PubMed Full text PDF

Clinical Question

Does amiodarone or lidocaine improve survival in patients with OHCA caused by shock-refractory Vfib or pulseless Vtach?

Conclusion

Neither amiodarone nor lidocaine resulted in a significantly higher survival rate or favorable neurologic outcome among patients with OHCA due to initial shock-refractory Vfib or pulseless Vtach. There was, however, heterogeneity of treatment effect with respect to whether the arrest was witnessed or not; both drugs were associated with a significant increase in survival rate amongst patient's whose arrest was bystander-witnessed.

Major Points

OHCA arrest takes more than 300,000 lives ever year in the United States, with many of these due to Vfib or Vtach. Since, prehospital care is essential to improving survival for these patients, the medical community looks in this study to determine the effectiveness of currently used drugs for these conditions.
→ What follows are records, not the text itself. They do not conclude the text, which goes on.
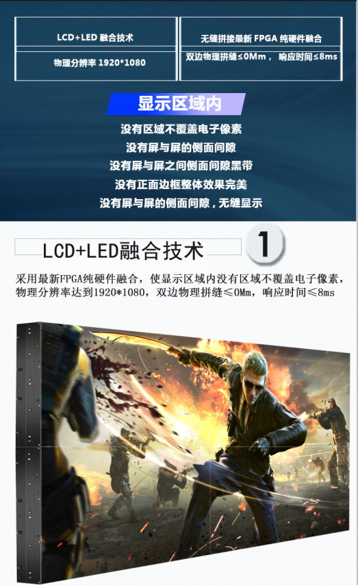 ◆55英寸拼接單元所采用使用LCD+LED融合技術,采用最新FPGA純硬件融合,使顯示區域內沒有區域不覆蓋電子像素
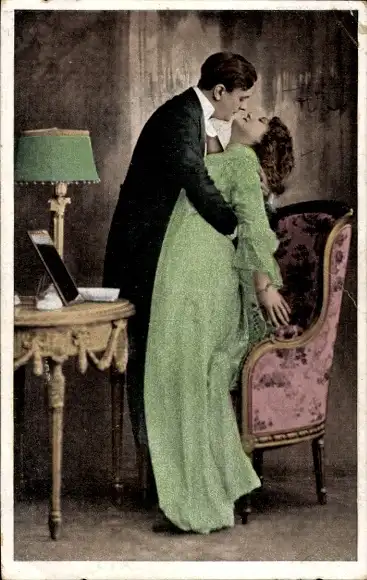 Ak Liebespaar, Kuss, Tisch, Tischlampe
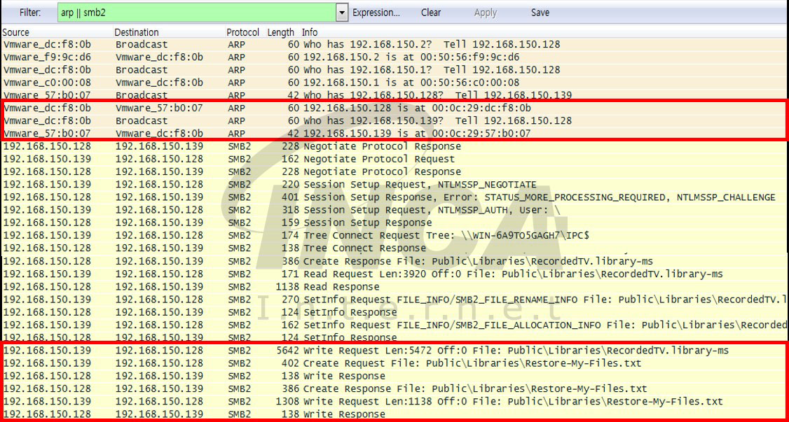 “LockBit”은 실행된 PC를 감염한 후, 네트워크 공유(SMB)로 연결된 다른 PC를 감염시킨다. [그림 12]를 보면 동일 네트워크에서 다른 호스트를 찾기 위해 ARP 요청을 사용한 후, 연결되면 SMB2 프로토콜을 이용하여 연결된 대상 PC 감염 및 랜섬노트를 생성하는 것을 확인할 수 있다.
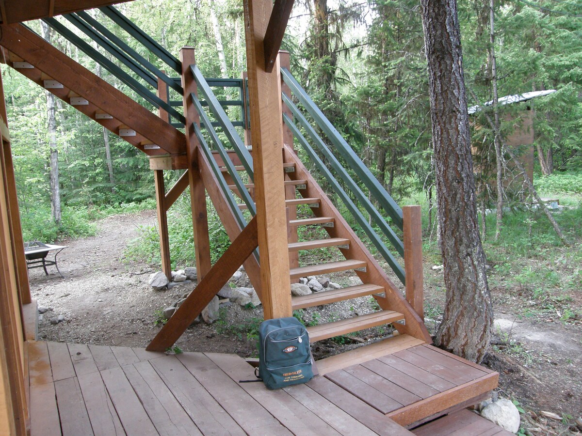 Se requiere amor por el aire libre y la naturaleza. La cabaña está situada en una ladera, en medio de un bosque, con vistas al valle del río Thompson y a la montaña que se encuentra al otro lado. Un paseo de cinco minutos cuesta arriba, a través del bosque, te lleva a un destino completamente remoto y privado. Cubierta completa debajo, cabaña arriba. Experiencia en camping es un plus. A 15 minutos de Chase y a poca distancia de otras grandes aventuras al aire libre.
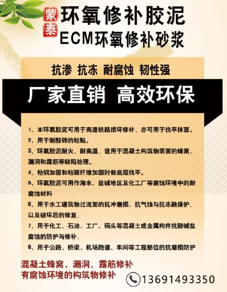 该产品主要适用于混凝土结构的空洞、蜂窝、破损、剥落、露筋等表面损伤部分的修复,以回复混凝土结构良好的使用性能。也可作为
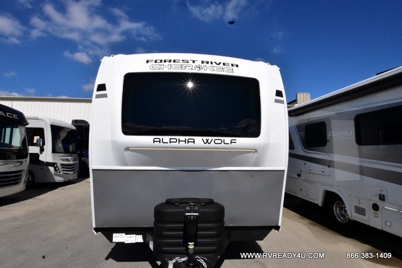 With any Cherokee Alpha Wolf travel trailer by Forest River, you'll enjoy outstanding amenities, quality construction, and an affordable price. Each model features a "ToughBend" rigid skirt metal design, 5/8" tongue and groove plywood floor decking, and a "SuperTruss" roof structure built for countless camping memories. There is a pet friendly "clean sweep" floor design with no heat vents indoors, along with a super lumen lighting system, a 15,000 BTU quick cool central air conditioning, and many more comforts. There are many convenient exterior features such as, Leash Latch pet safety technology, an outside shower with hot and cold water, and exterior steps with oversized landing and quick release. The Weather Guard Package will add protection against the elements with an armored underbelly tank enclosure and forced air heat, thermo-control reflective safety glass windows, and upgraded laminated exterior walls with block foam insulation!
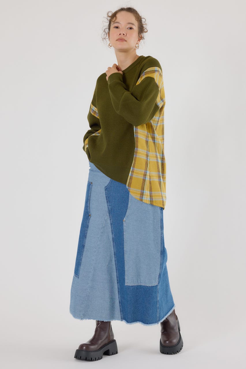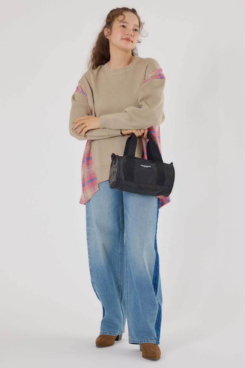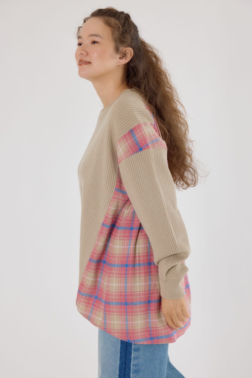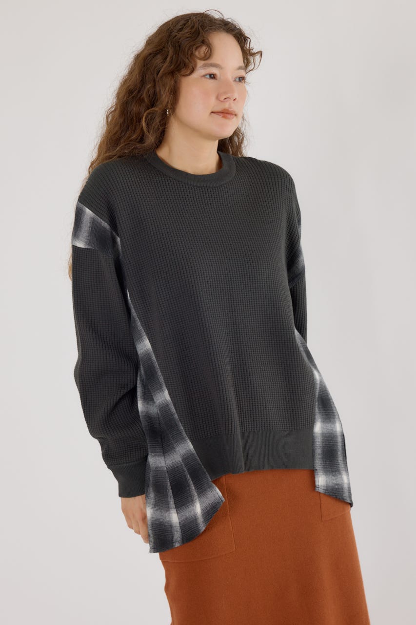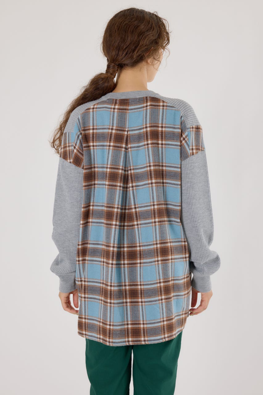 表面感のあるワッフル編みのニットと、チェックシャツのドッキング。
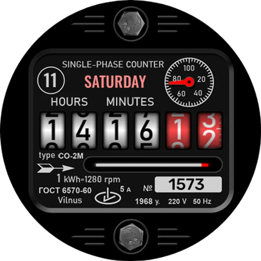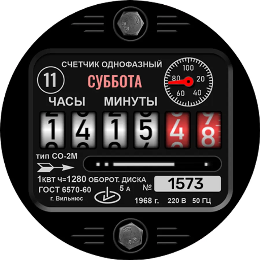 Do not be surprised that the date, day of the week, and number of steps taken are in such unusual places. I wanted the general entourage of the electric energy meter to be kept to the maximum. It is worth once to study where this data is located on the dial, and you can easily navigate it later.
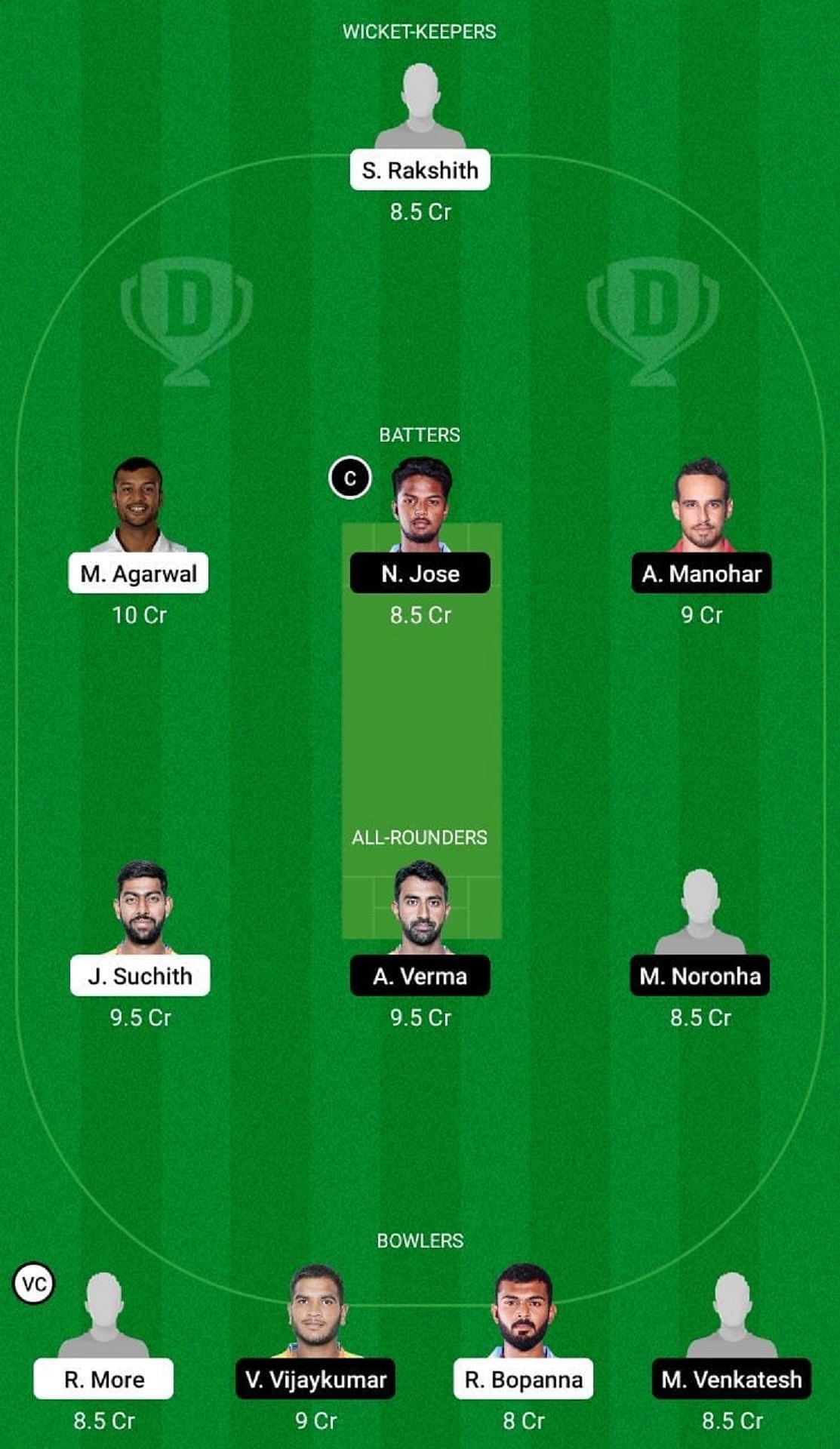 Fantasy Suggestion #2: Shivkumar Rakshith, Nikin Jose, Mayank Agarwal, Abhinav Manohar, Amit Verma, Jagadeesha Suchith, Macneil Noronha, Vyshak Vijaykumar, M Venkatesh, Ronit More, Rishi Bopanna.
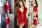 3 Pcs Lace Sheer Nightwear Set – See-Through Dress with Matching Robe 1053

Current ACLS standards entail the use of Amiodarone or Lidocaine for cardiac arrest secondary to ventricular fibrillation or pulseless ventricular tachycardia. While many studies have shown improved ROSC with use of these drugs, none yet have definitively spoken to improved hospital discharge or neurologic outcome. While this study did not show a survival benefit for either drug, sub group analysis suggests a benefit in witnessed OHCA.

Study Design

  • Randomized, double blinded placebo controlled trial
  • Paramedics from 55 EMS services
  • 10 sites across North America, part of the Resuscitation Outcomes Consortium (ROC)

Population

Patient Demographics

  • No major differences amongst the three groups with respect to baseline patients demographics.

Inclusion Criteria

  • Patients 18 years of age or older + non traumatic OHCA + shock refractory ventricular fibrillation or pulseless ventricular tachycardia.
  • Patients needed to have IV or IO access

Exclusion Criteria

  • Patients who had already received open label medications
  • Known hyper sensitivity to one of the trial drugs

Interventions

  • Group 1: Amiodarone 300 mg. A additional dose of 150 mg was given if rhythm was not terminated.
  • Group 2: Lidocaine 120 mg. An additional dose of 60 mg was given if rhythm was not terminated.
  • Group 3: Normal Saline (control group)

Outcomes

Primary Outcome

Survival to Hospital Discharge

  1. Amiodarone 237/970 (24.4%)
  2. Lidocaine 233/985 (23.7%)
  3. Placebo 222/1056 (21%)

When comparing the interventions head to head, no significant ARR was found:

  • Amio vs. Placebo ARR 3.2 (P Value 0.08)
  • Lido vs. Placebo ARR 2.6 (P Value 0.16)
  • Amio vs. Lido ARR 0.7 (P Value 0.7)

Secondary Outcomes

Survival with a favorable neurologic outcome (Modified Rankin < 3). No significant differences were found:

  • Amiodarone 18.8%
  • Lidocaine 17.5%
  • Placebo 16.6%

Subgroup analysis

Bystander Witnessed Arrest was notable for a statistically significant increase in survival to discharge for both Amio and Lidocaine compared to placebo. No difference between the two active drugs were noted.

  • Amiodarone 27.7%
    • vs. placebo ARR 5% (P 0.04)
  • Lidocaine 27.8%
    • vs. placebo ARR 5.2% (P 0.03)
  • Placebo 22.7%

EMS Witnessed Arrest was notable for a statistically significant increase in survival in the amiodarone group vs placebo.

  • Amiodarone 38.6%
    • vs. placebo ARR 21.9 (P 0.01)
  • Lidocaine 23.3%
  • Placebo 16.7%

Criticisms & Further Discussion

  • Trial may be underpowered to detect a statistically significant result.
  • The 3% difference in survival may be clinically significant, even though not statistically.
  • Some results seem puzzling, such as the Lidocaine group having lower survival odds with EMS witnessed vs bystander or overall Lidocaine group.
  • As the subgroup analysis suggests, there may be a benefit in particular cardiac arrest patients for these drugs (e.g. witnessed) - so further trials should isolate these demographics and confirm the results.

External Links

See Also

Funding

The trial was sponsored by the NHLBI, the Canadian Institutes of Health Research. Baxter Healthcare provided all the drugs.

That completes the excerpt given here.